By screening a large small-molecule library, Pan et al. identified an orally available small-molecule STING agonist (MSA-2), which bound to mouse and human STING as a noncovalent dimer and exhibited higher cellular potency in an acidified tumor microenvironment. Intratumoral, subcutaneous, and orally administered MSA-2 induced interferon-β production, tumor regression, and durable immunity against rechallenge in syngeneic MC38 tumor model. In mouse tumor models poorly responsive to anti-PD-1 therapy (MC38, CT26, B16F10, and LL-2), combination with MSA-2 enhanced tumor control and prolonged survival over monotherapy.

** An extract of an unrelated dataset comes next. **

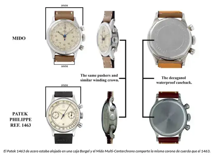 El Patek 1463 de acero estaba, de hecho, alojado en una caja Borgel y el Mido Multi-Centerchrono comparte la misma corona de cuerda que el 1463. De hecho, toda la caja del Mido es similar a la del Patek 1463.
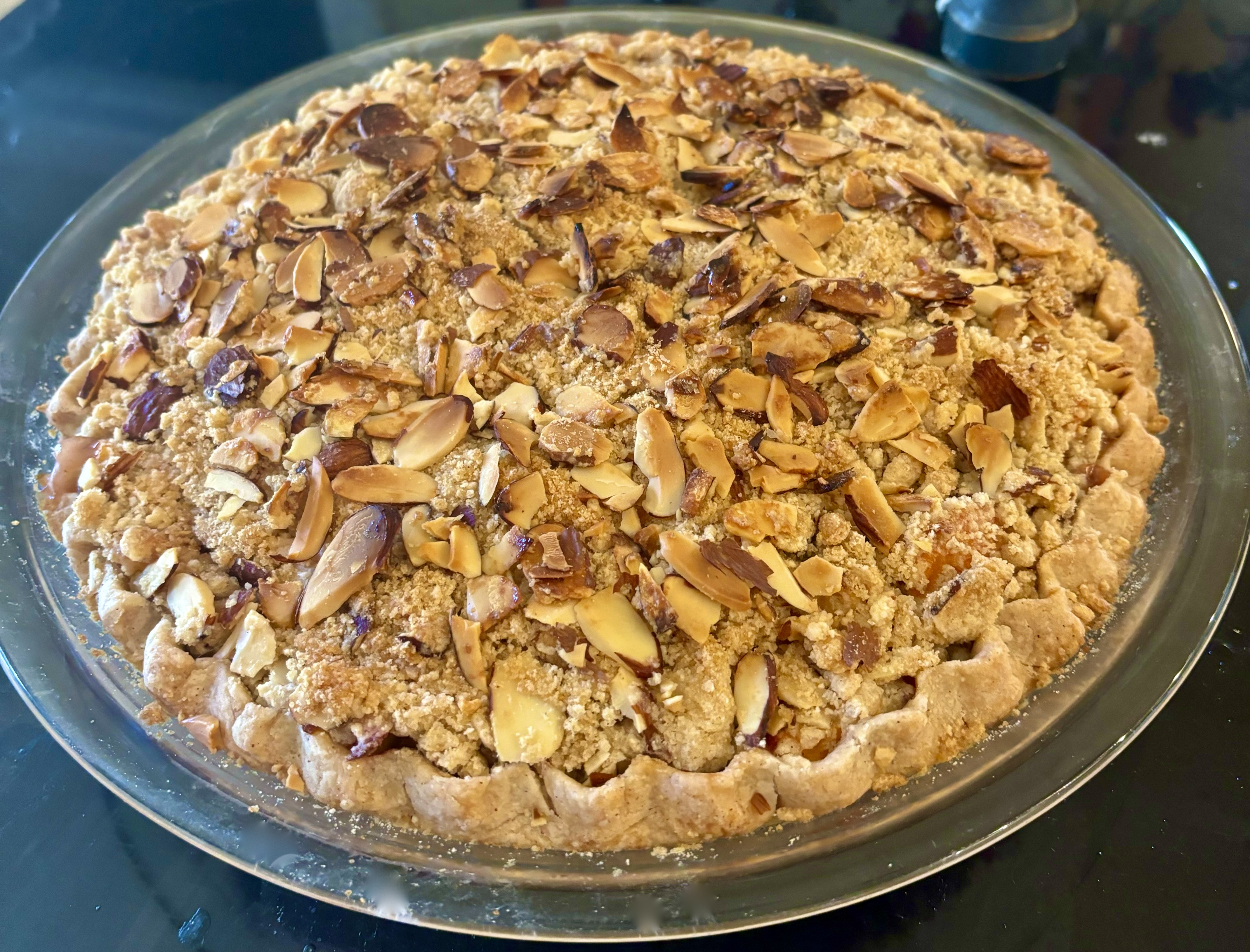 CRUMB-TOPPED PIES: What’s their origin? Read up: “Regardless of true origin, Dutch apple pie, a tasty treat”— “Dutch” in this case is Pennsylvania Dutch or (Deutch) German. A true Dutch apple pie (appeltaart) is something very different indeed, as any Dutch baker would tell you.

Contributed by Shishir Pant
ABSTRACT: Pharmacological activation of the STING (stimulator of interferon genes)-controlled innate immune pathway is a promising therapeutic strategy for cancer. Here we report the identification of MSA-2, an orally available non-nucleotide human STING agonist. In syngeneic mouse tumor models, subcutaneous and oral MSA-2 regimens were well tolerated and stimulated interferon-_ secretion in tumors, induced tumor regression with durable antitumor immunity, and synergized with anti-PD-1 therapy. Experimental and theoretical analyses showed that MSA-2 exists as interconverting monomers and dimers in solution, but only dimers bind and activate STING. This model was validated by using synthetic covalent MSA-2 dimers, which were potent agonists. Cellular potency of MSA-2 increased upon extracellular acidification, which mimics the tumor microenvironment. These properties appear to underpin the favorable activity and tolerability profiles of effective systemic administration of MSA-2.